以上问题可能是由于以前存在datanode数据造成不一致,解决方式是删除以前的数据,格式化下,然后重新启动。


启动报如下错:

192.168.9.228: Address 192.168.9.228 maps to bida, but this does not map back to the address - POSSIBLE BREAK-IN ATTEMPT!
192.168.9.228: no datanode to stop
192.168.9.229: no datanode to stop
192.168.9.228: Address 192.168.9.228 maps to bida, but this does not map back to the address - POSSIBLE BREAK-IN ATTEMPT!

是由于masters和slaves配置不对,最好写成域名形式,从而防止重复。





正确配置如下:

环境:192.169.9.228(bida),192.168.9.229(bidb)

物理架构应该是有两台机器a(228) ,b(229)
a 运行 namenode,datanode ,tasktack ,jobtack,sencendnamenode
b运行datanode ,tasktack
a为主节点,b为普通节点


分别在228和229上配置/etc/hosts增加

192.168.9.228 bida

192.168.9.228 bidb


masters配置如下:

bida


slaves配置如下:
bida
bidb


core-site.xml 配置如下:

<?xml version="1.0"?>
<?xml-stylesheet type="text/xsl" href="configuration.xsl"?>

<!-- Put site-specific property overrides in this file. -->

<configuration>
        <property>  
                <name>fs.default.name</name>  
                <value>hdfs://bida:9100</value>  
        <description>  
            NameNode的URI路径,格式:hdfs://主机名:端口/  
        </description>  
        </property>  
    <property>  
                <name>fs.checkpoint.period</name>  
                <value>3600</value>  
        <description>  
            进行checkpoint的周期时间间隔,单位:秒  
        </description>  
        </property>  
    <property>  
                <name>fs.checkpoint.size</name>  
                <value>67108864</value>  
        <description>  
            日志文件达到这个上限值时,将进行一次强制checkpoint操作,单位:byte    
        </description>  
        </property>  

        <property>  
                <name>hadoop.tmp.dir</name>  
                <value>/home/yf/tmp</value>  
        <description>  
            Hadoop的默认临时路径,这个最好配置,如果在新增节点或者其他情况下莫名其妙的DataNode启动不了,就删除此文件中的tmp目录即可。
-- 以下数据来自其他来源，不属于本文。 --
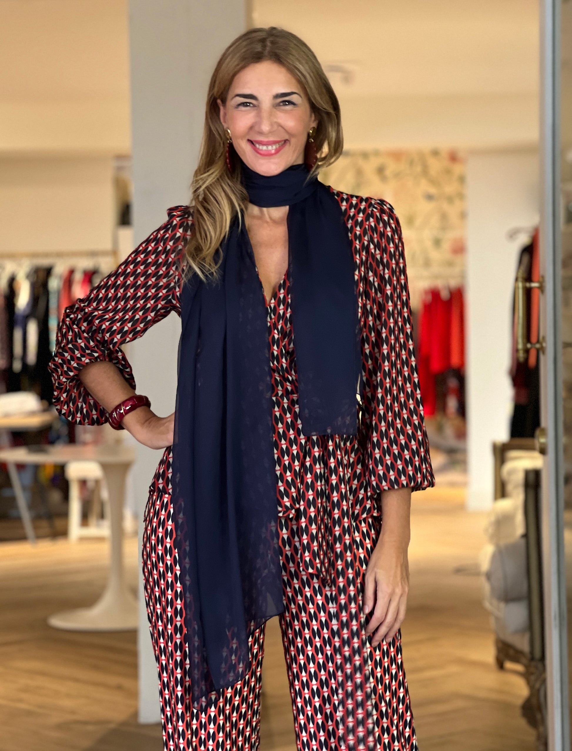 El Pañuelo Fluido de Seda Marino es una pieza versátil y atemporal, diseñada para aportar un toque de elegancia sutil a cualquier conjunto. Su tono marino profundo lo convierten en un accesorio esencial que eleva tanto un look formal como uno más casual. Confeccionado en 100 % seda natural, ofrece un tacto suave y un movimiento fluido que realzan su caída.

不过如果删除了NameNode机器的此目录,那么就需要重新执行NameNode格式化的命令。/home/yf//tmp这里给的路径不需要创建会自动生成。  
        </description>  
        </property>  

</configuration>

hdfs-site.xml配置如下:

<?xml version="1.0"?>
<?xml-stylesheet type="text/xsl" href="configuration.xsl"?>

<!-- Put site-specific property overrides in this file. -->

<configuration>
        <property>

         <name>dfs.replication</name>

         <value>1</value>

     </property>
</configuration>


mapred-site.xml配置如下:

<?xml version="1.0"?>
<?xml-stylesheet type="text/xsl" href="configuration.xsl"?>

<!-- Put site-specific property overrides in this file. -->

<configuration>
        <property>

         <name>mapred.job.tracker</name>

         <value>hdfs://bida:9001</value>

     </property>
</configuration>

最后启动即可。



hdfs-site.xml 可以如下配置,指定备份目录:


<?xml version="1.0"?>
<?xml-stylesheet type="text/xsl" href="configuration.xsl"?>

<!-- Put site-specific property overrides in this file. -->

<configuration>
        <property>  
                <name>dfs.name.dir</name>  
                <value>/home/yf/hadoopRun/name1,/home/yf/hadoopRun/name2</value>  
        </property>  
        <property>  
                <name>dfs.data.dir</name>  
                <value>/home/yf/hadoopRun/data1,/home/yf/hadoopRun/data2</value>  
        </property>  
        <property>

         <name>dfs.replication</name>

         <value>1</value>

     </property>
</configuration>

mapred-site.xml 也进行如下配置:

<?xml version="1.0"?>
<?xml-stylesheet type="text/xsl" href="configuration.xsl"?>

<!-- Put site-specific property overrides in this file. -->

<configuration>
        <property>

         <name>mapred.job.tracker</name>

         <value>hdfs://bida:9001</value>

     </property>
    <property>  
                <name>mapred.local.dir</name>  
                <value>/home/yf/hadoopRun/var</value>  
        </property>  
</configuration>


但需要清理以前的数据目录,并格式化操作,否则会出现类似如下问题:

2013-01-16 18:37:02,254 INFO org.apache.hadoop.ipc.Client: Retrying connect to server: bida/127.0.0.1:9100. Already tried 9 time(s).
2013-01-16 18:37:02,256 ERROR org.apache.hadoop.security.UserGroupInformation: PriviledgedActionException as:root cause:java.net.ConnectException: Call to bida/127.0.0.1:9100 failed on connection exception: java.net.ConnectException: Connection refused
2013-01-16 18:37:02,257 INFO org.apache.hadoop.mapred.JobTracker: problem cleaning system directory: null
java.net.ConnectException: Call to bida/127.0.0.1:9100 failed on connection exception: java.net.ConnectException: Connection refused
        at org.apache.hadoop.ipc.Client.wrapException(Client.java:1099)
        at org.apache.hadoop.ipc.Client.call(Client.java:1075)
        at org.apache.hadoop.ipc.RPC$Invoker.invoke(RPC.java:225)
        at $Proxy5.getProtocolVersion(Unknown Source)
        at org.apache.hadoop.ipc.RPC.getProxy(RPC.java:396)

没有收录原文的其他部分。